Dataset items:
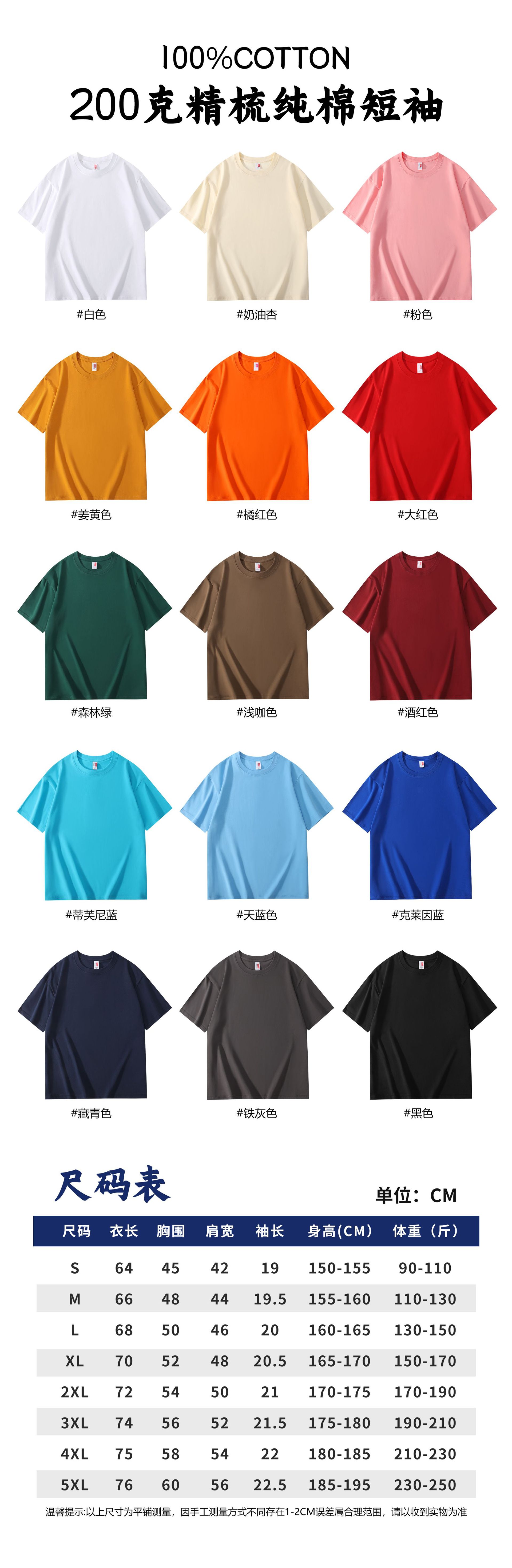 새로운 라이브 폭발 200g Combed Cotton Blank 티셔츠 크루 넥 짧은 소매 남성과 여성의 동일한 광고 셔츠
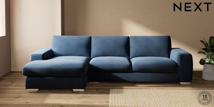 7.0.3 Buy Houghton Deep Sit Large Sofa Chaise - Left Hand Ripple Chenille Dark Blue Large Square Angle - Chrome Metal from the Next UK online shop Click here to use our accessible website
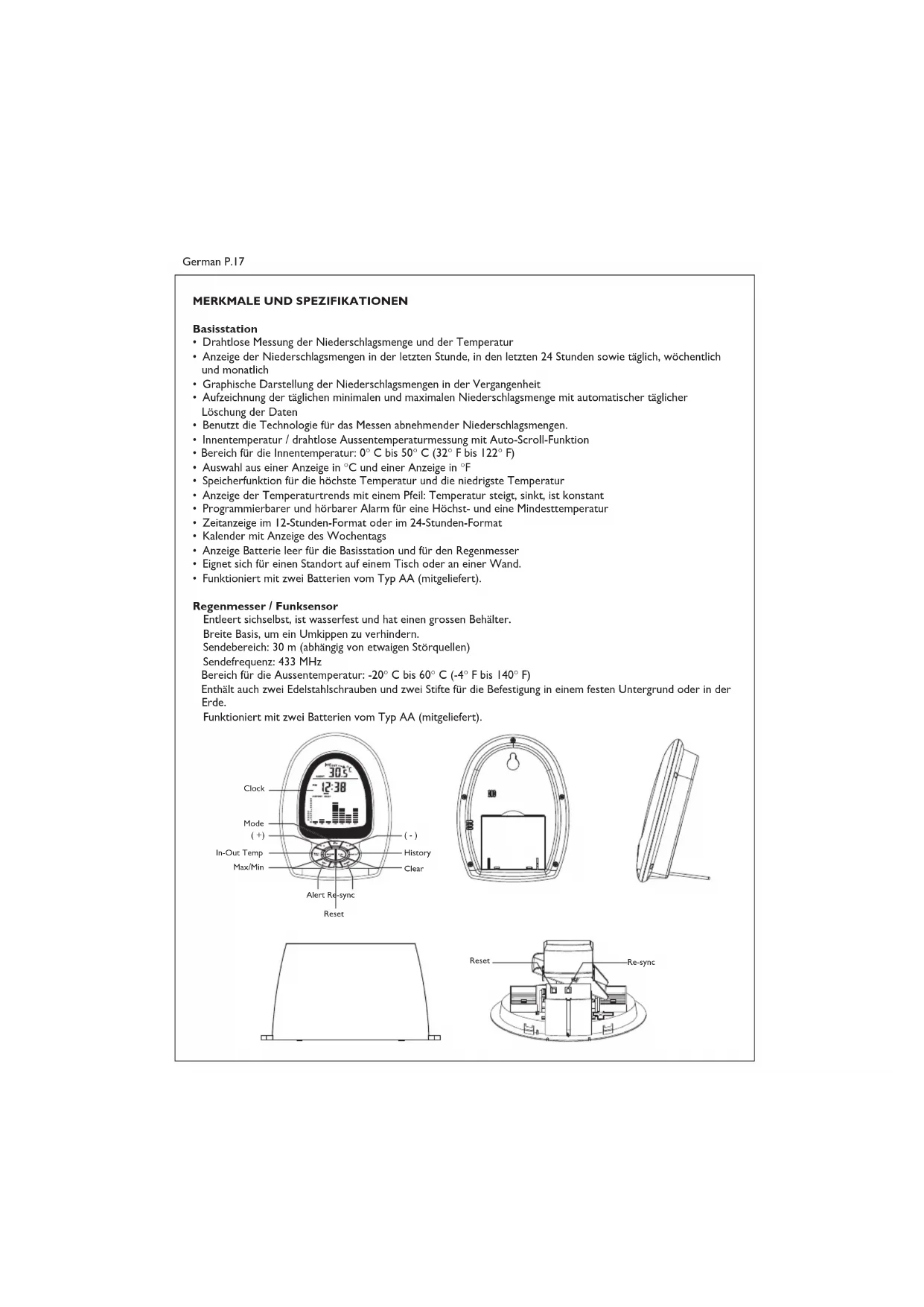 Wenn jederzeit die Aussentemperatur und die Niederschlagsratio angezeigt wurden und wenn jetzt "—C" oder "—mm" angezeigt wird, kann es sein, dass die Synchronisierung feht. In thisem Fall mussen Sie an der Basisstation die RE-SYNC-Taste und im Regenmesser die RE-SYNC-Taste drücken. Die Basisstation sicht dann sechs Minuten lang die Verbindung das Funksignal des Regenmessers und die Verbindung wird wiederhergestellt.
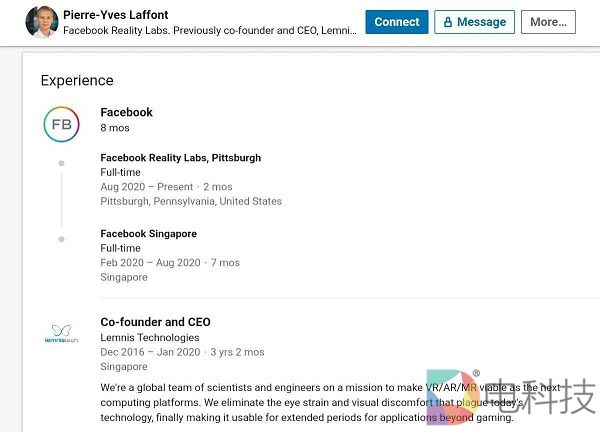 Lemnis联合创始人兼CEO Pierre-Yves Laffont曾在8月中旬发布了一篇博客,指出该公司将“踏上新的冒险之旅”。尽管Laffont没有透露具体细节,但我们发现他最近更新了在LinkenIn的个人资料,表明他自2020年2月就已经供职于Facebook Reality Labs。
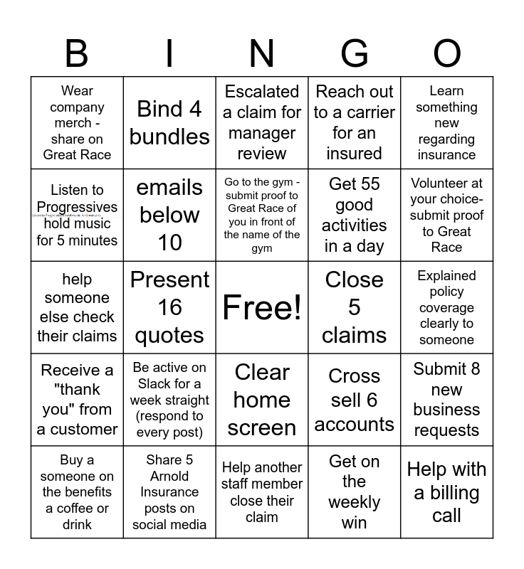 This bingo card has 1 images, a free space and 24 words: Be active on Slack for a week straight (respond to every post), Share 5 Arnold Insurance posts on social media, Go to the gym - submit proof to Great Race of you in front of the name of the gym, Buy a someone on the benefits a coffee or drink, Learn something new regarding insurance, Wear company merch - share on Great Race, Listen to Progressives hold music for 5 minutes, Bind 4 bundles, Close 5 claims, Clear home screen, Get 55 good activities in a day, help someone else check their claims, Cross sell 6 accounts, Submit 8 new business requests, emails below 10, Get on the weekly win, Explained policy coverage clearly to someone, Escalated a claim for manager review, Volunteer at your choice- submit proof to Great Race, Present 16 quotes, Help with a billing call, Receive a "thank you" from a customer, Reach out to a carrier for an insured and Help another staff member close their claim.
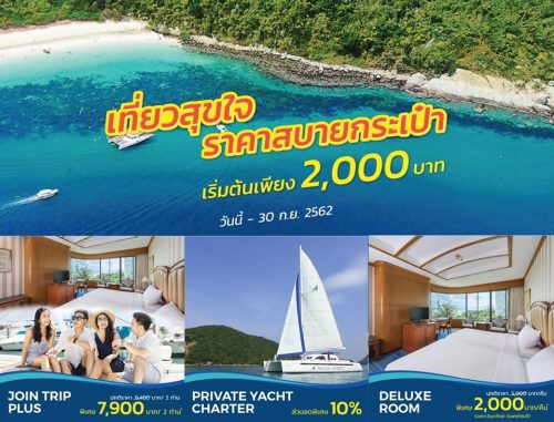 นอกจากนี้ยังมี Join Trip Plus โปรโมชั่นสุดคุ้มสำหรับ 2 ท่านที่มอบห้องพักหรู 1 คืนพร้อมทริปล่องเรือยอช์ท พาทุกท่านเที่ยวชม 3เกาะสวย ดำน้ำตื้น รวมทั้งอาหารบุฟเฟ่ต์และเครื่องดื่มบนเรือ ในราคาพิเศษเพียง 7,900 บาท จากปกติ 8,400 บาท

- _EXERCISE DIRECTIONS_
Write out all of the data above exactly, pictures excluded.

- _ANSWER SPACE_
 새로운 라이브 폭발 200g Combed Cotton Blank 티셔츠 크루 넥 짧은 소매 남성과 여성의 동일한 광고 셔츠
 7.0.3 Buy Houghton Deep Sit Large Sofa Chaise - Left Hand Ripple Chenille Dark Blue Large Square Angle - Chrome Metal from the Next UK online shop Click here to use our accessible website
 Wenn jederzeit die Aussentemperatur und die Niederschlagsratio angezeigt wurden und wenn jetzt "—C" oder "—mm" angezeigt wird, kann es sein, dass die Synchronisierung feht. In thisem Fall mussen Sie an der Basisstation die RE-SYNC-Taste und im Regenmesser die RE-SYNC-Taste drücken. Die Basisstation sicht dann sechs Minuten lang die Verbindung das Funksignal des Regenmessers und die Verbindung wird wiederhergestellt.
 Lemnis联合创始人兼CEO Pierre-Yves Laffont曾在8月中旬发布了一篇博客,指出该公司将“踏上新的冒险之旅”。尽管Laffont没有透露具体细节,但我们发现他最近更新了在LinkenIn的个人资料,表明他自2020年2月就已经供职于Facebook Reality Labs。
 This bingo card has 1 images, a free space and 24 words: Be active on Slack for a week straight (respond to every post), Share 5 Arnold Insurance posts on social media, Go to the gym - submit proof to Great Race of you in front of the name of the gym, Buy a someone on the benefits a coffee or drink, Learn something new regarding insurance, Wear company merch - share on Great Race, Listen to Progressives hold music for 5 minutes, Bind 4 bundles, Close 5 claims, Clear home screen, Get 55 good activities in a day, help someone else check their claims, Cross sell 6 accounts, Submit 8 new business requests, emails below 10, Get on the weekly win, Explained policy coverage clearly to someone, Escalated a claim for manager review, Volunteer at your choice- submit proof to Great Race, Present 16 quotes, Help with a billing call, Receive a "thank you" from a customer, Reach out to a carrier for an insured and Help another staff member close their claim.
 นอกจากนี้ยังมี Join Trip Plus โปรโมชั่นสุดคุ้มสำหรับ 2 ท่านที่มอบห้องพักหรู 1 คืนพร้อมทริปล่องเรือยอช์ท พาทุกท่านเที่ยวชม 3เกาะสวย ดำน้ำตื้น รวมทั้งอาหารบุฟเฟ่ต์และเครื่องดื่มบนเรือ ในราคาพิเศษเพียง 7,900 บาท จากปกติ 8,400 บาท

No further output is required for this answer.